As the top-ranking Freemason in Ontario, the retired Kitchener high-school teacher has heard just about every far-fetched accusation you can imagine: that Freemasons, one of the world's largest "secret societies," are devil worshippers, a Jewish front for world domination and evil plotters who arranged the assassination of JFK.
Yes, there are people who genuinely believe those things. Which means Daniels, the first grand master for Ontario's 50,000 Freemasons to hail from Kitchener, spends a lot of his time dispelling the myths and conspiracy theories that have dogged his organization for centuries.
Though Freemasons first built lodges in Galt and Kitchener some 150 years ago, the society still remains an obscure organization for many non-members today. Daniels is trying to change that with a new openness for a group that was once very closed to outsiders.

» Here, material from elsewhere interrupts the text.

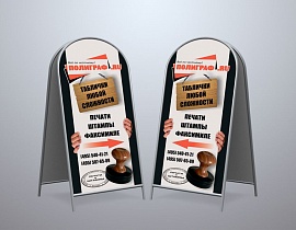 Учитывая производственные возможности нашей типографии, клиент может заказать изготовление выносной стойки в прямоугольном, арочном или нестандартном исполнении.

"Conspiracy theories sell more books than the truth," Daniels said during a recent sit-down interview. "There are people who delight in calling us a cult ... but I've never attended a lodge ceremony where we sacrifice virgins or kill babies. I'm still waiting for that."
The truth about Freemasons may be far less exciting. What if they're just a bunch of guys who are into brotherhood, non-satanic rituals, self-improvement and charity work?

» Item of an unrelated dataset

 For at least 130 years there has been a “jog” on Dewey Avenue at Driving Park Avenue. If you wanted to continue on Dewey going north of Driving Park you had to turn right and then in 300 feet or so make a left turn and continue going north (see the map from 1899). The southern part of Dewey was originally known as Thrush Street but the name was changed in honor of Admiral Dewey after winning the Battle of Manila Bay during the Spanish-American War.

In its heyday in the 1960s, there were some 120,000 Freemasons in Ontario. Then, the Masons went into a long, slow decline where "no one joined anything," Daniels said. Today, there remain about 1,000 members in Waterloo Region.
Daniels thinks things may finally be changing for the better. His organization inducted about 1,350 new members last year, most of them "disillusioned young men" who are "looking for something more" in their lives, he said.
And they just christened a new Masonic lodge in Afghanistan, a sign that Freemasonry is growing in popularity among Canadian troops, he said.
Though Freemasons went "underground" in the early part of the last century, Daniels said, it's hardly a secret society anymore.
"We're in the phone book. I wear a ring. I have a decal on my car. We have quite an extensive web page. We publish a magazine that anyone can see. Now, if that's being secretive, we're not very good at it," he said.
But that hasn't stopped detractors, including religious fundamentalists, from accusing Freemasons of everything from conspiring with aliens to holding wild orgies and occult rituals to secretly running the world - or trying to destroy it.
Part of the conspiracy theories may be blamed on the number of important men in history who have been Freemasons. George Washington, Benjamin Franklin and Sir John A. Macdonald were all members. So was John Diefenbaker, and about a dozen premiers of Ontario. And so was Horatio Herbert Kitchener, the British war hero this city is named after.
Even in the age of the Internet, Freemasonry still retains enough mystique to invite uninformed speculation. Lodges keep their doors closed to non-members, except for rare open houses, and windows are generally made of concrete, not glass. The organization places great importance on Egyptian symbols, secret passwords and hidden meanings. But even the secret Masonic handshake, once a way for Masons to identify themselves around the world, can be found in a quick Google search.
Daniels, as grand master, carries his ceremonial clothes in a plain black briefcase. Inside, there's a gold collar with entwined serpents and the North Star, attached to the Masonic symbol of a compass and ruler. There's the "all-seeing" eye - yes, the same one you can find on the U.S. dollar bill - and an ornate lambskin apron decorated with lotuses, suns and pomegranate.
Though few Freemasons actually work in stone anymore, the stonemason imagery at the centre of their organization still has meaning - the idea that like stone, the lessons of Freemasonry outlast all else.
"As builders of character, we're trying to build lasting character in our members," Daniels said.
, who was elected to a two-year term in 2009.
He says Freemasonry has given him a good life. He joined his father's Orillia lodge in 1959 and remained active during the 23 years he taught music and history at Eastwood Collegiate in Kitchener. In 1993, he became a worshipful master, or a Masonic teacher, and worked his way up the organization's ranks.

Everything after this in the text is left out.